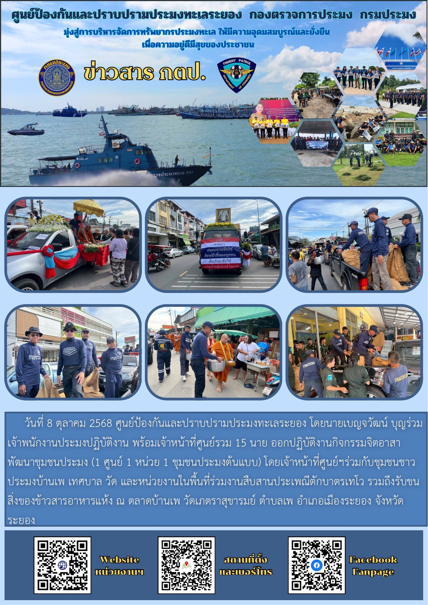 วันที่ 8 ตุลาคม 2568 ศูนย์ป้องกันและปราบปรามประมงทะเลระยอง โดยนายเบญจวัฒน์ บุญร่วม เจ้าพนักงานประมงปฏิบัติงาน พร้อมเจ้าหน้าที่ศูนย์รวม 15 นาย ออกปฏิบัติงานกิจกรรมจิตอาสาพัฒนาชุมชนประมง (1 ศูนย์ 1 หน่วย 1 ชุมชนประมงต้นแบบ) โดยเจ้าหน้าที่ศูนย์ฯร่วมกับชุมชนชาวประมงบ้านเพ เทศบาล วัด และหน่วยงานในพื้นที่ร่วมงานสืบสานประเพณีตักบาตรเทโว รวมถึงรับขนสิ่งของข้าวสารอาหารแห้ง ณ ตลาดบ้านเพ วัดเภตราสุขารมย์ ตำบลเพ อำเภอเมืองระยอง จังหวัดระยอง
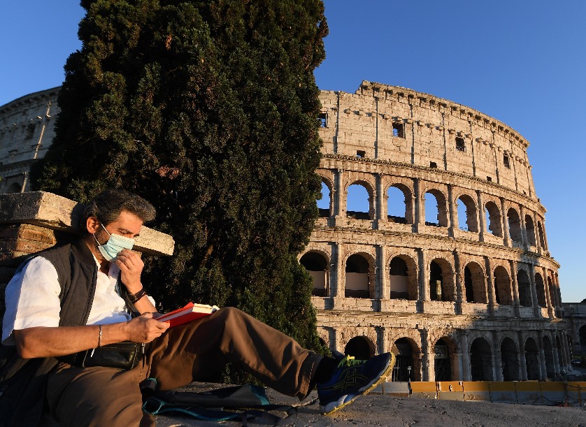 ↑一名戴着口罩的男子在意大利首都罗马的斗兽场附近看书。
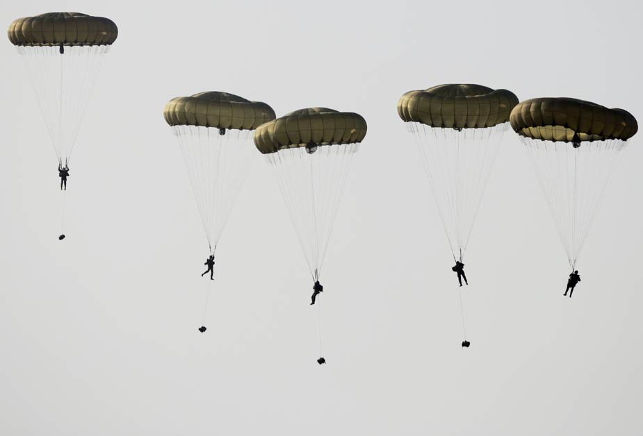 9月19日,英國(guó)空降兵在荷蘭埃德附近進(jìn)行傘降表演,紀(jì)念二戰(zhàn)期間盟軍最大規(guī)模的空降作戰(zhàn)——“市場(chǎng)花園”行動(dòng)65周年。圖片來源:中國(guó)新聞網(wǎng)
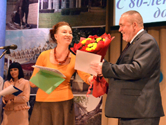 Начальник отдела по работе с молодежью и организации культурно – досуговой и физкультурно – спортивной деятельности управы Коминтерновского района Светлана Бойцова вручила благодарственные письма и подарки преподавателям, внесшим большой вклад в дело воспитания подрастающего поколения. В словах поздравления Светлана Александровна отметила, что районную управу и колледж связывают давние дружеские отношения. Студенты колледжа с удовольствием принимают самое активное участие во всех районных акциях и мероприятиях.
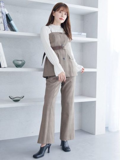端正でいて、ハンサムなスーツライクなビスチェトップスがお目見え。キュッとシェイプしたウエストラインが女性らしさを演出します。同素材のスカートとのセットアップコーデもおすすめ❤️
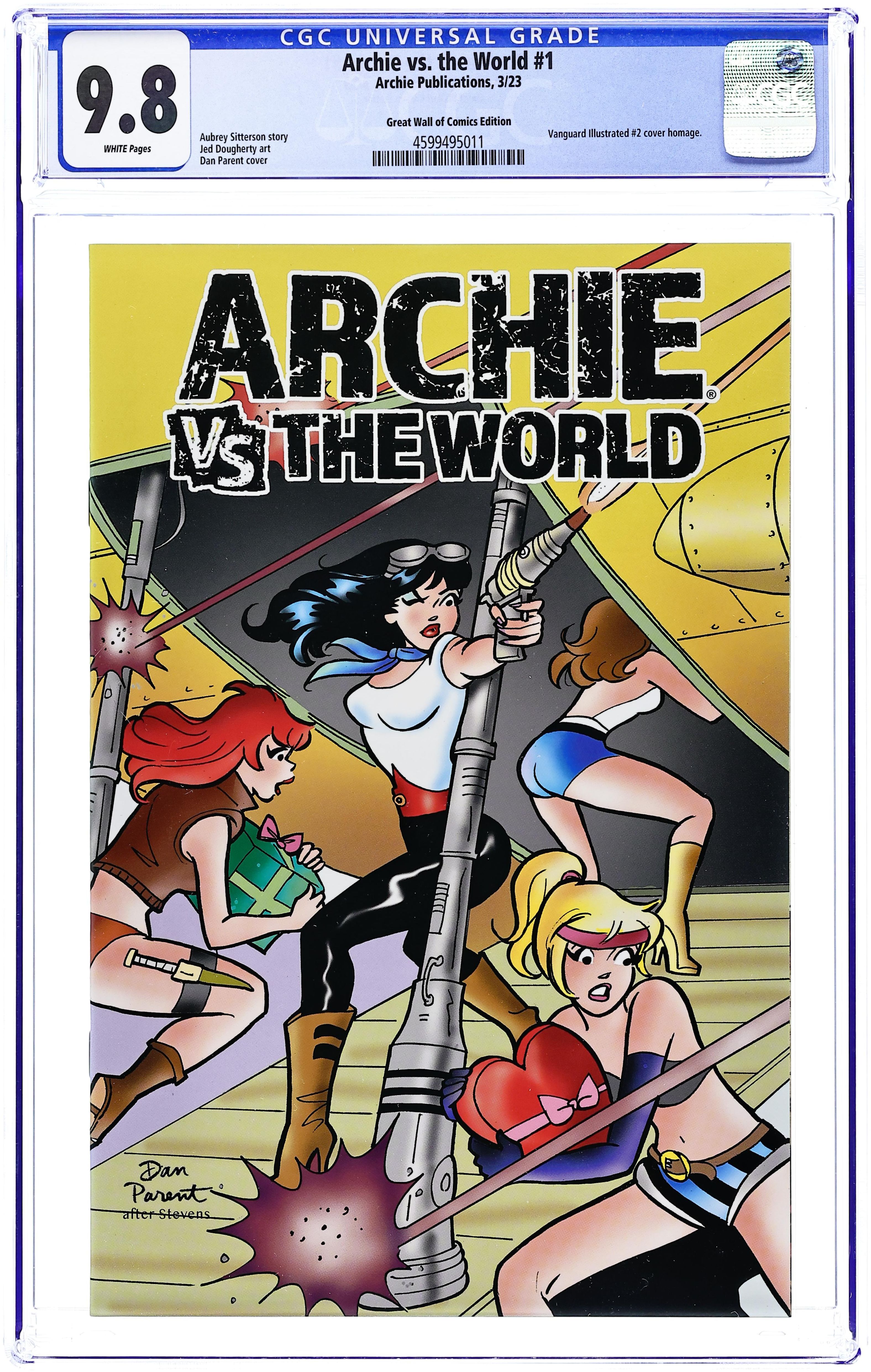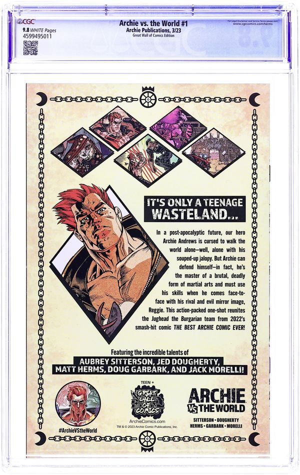 Great Wall of Comics Exclusive Variant Cover by Dan Parent. Written by Aubrey Sitterson. Art by Jed Dougherty. In a post-apocalyptic future, our hero Archie Andrews is cursed to walk the world alone-well, alone with his souped-up jalopy. But Archie can defend himself-in fact, he's the master of a brutal, deadly form of martial arts and must use his skills when he comes face-to-face with his rival and evil mirror image, Reggie. This action-packed one-shot is equal parts Mad Max: Fury Road and The Fist of the North Star, and reunites the Jughead the Burgarian team from 2022's smash-hit comic THE BEST ARCHIE COMIC EVER! 32 pages, full color. Rated Teen+
════════════════════
Reproduce all of the material exactly, apart from the pictures.

 วันที่ 8 ตุลาคม 2568 ศูนย์ป้องกันและปราบปรามประมงทะเลระยอง โดยนายเบญจวัฒน์ บุญร่วม เจ้าพนักงานประมงปฏิบัติงาน พร้อมเจ้าหน้าที่ศูนย์รวม 15 นาย ออกปฏิบัติงานกิจกรรมจิตอาสาพัฒนาชุมชนประมง (1 ศูนย์ 1 หน่วย 1 ชุมชนประมงต้นแบบ) โดยเจ้าหน้าที่ศูนย์ฯร่วมกับชุมชนชาวประมงบ้านเพ เทศบาล วัด และหน่วยงานในพื้นที่ร่วมงานสืบสานประเพณีตักบาตรเทโว รวมถึงรับขนสิ่งของข้าวสารอาหารแห้ง ณ ตลาดบ้านเพ วัดเภตราสุขารมย์ ตำบลเพ อำเภอเมืองระยอง จังหวัดระยอง
 ↑一名戴着口罩的男子在意大利首都罗马的斗兽场附近看书。
 9月19日,英國(guó)空降兵在荷蘭埃德附近進(jìn)行傘降表演,紀(jì)念二戰(zhàn)期間盟軍最大規(guī)模的空降作戰(zhàn)——“市場(chǎng)花園”行動(dòng)65周年。圖片來源:中國(guó)新聞網(wǎng)
 Начальник отдела по работе с молодежью и организации культурно – досуговой и физкультурно – спортивной деятельности управы Коминтерновского района Светлана Бойцова вручила благодарственные письма и подарки преподавателям, внесшим большой вклад в дело воспитания подрастающего поколения. В словах поздравления Светлана Александровна отметила, что районную управу и колледж связывают давние дружеские отношения. Студенты колледжа с удовольствием принимают самое активное участие во всех районных акциях и мероприятиях.
端正でいて、ハンサムなスーツライクなビスチェトップスがお目見え。キュッとシェイプしたウエストラインが女性らしさを演出します。同素材のスカートとのセットアップコーデもおすすめ❤️
 Great Wall of Comics Exclusive Variant Cover by Dan Parent. Written by Aubrey Sitterson. Art by Jed Dougherty. In a post-apocalyptic future, our hero Archie Andrews is cursed to walk the world alone-well, alone with his souped-up jalopy. But Archie can defend himself-in fact, he's the master of a brutal, deadly form of martial arts and must use his skills when he comes face-to-face with his rival and evil mirror image, Reggie. This action-packed one-shot is equal parts Mad Max: Fury Road and The Fist of the North Star, and reunites the Jughead the Burgarian team from 2022's smash-hit comic THE BEST ARCHIE COMIC EVER! 32 pages, full color. Rated Teen+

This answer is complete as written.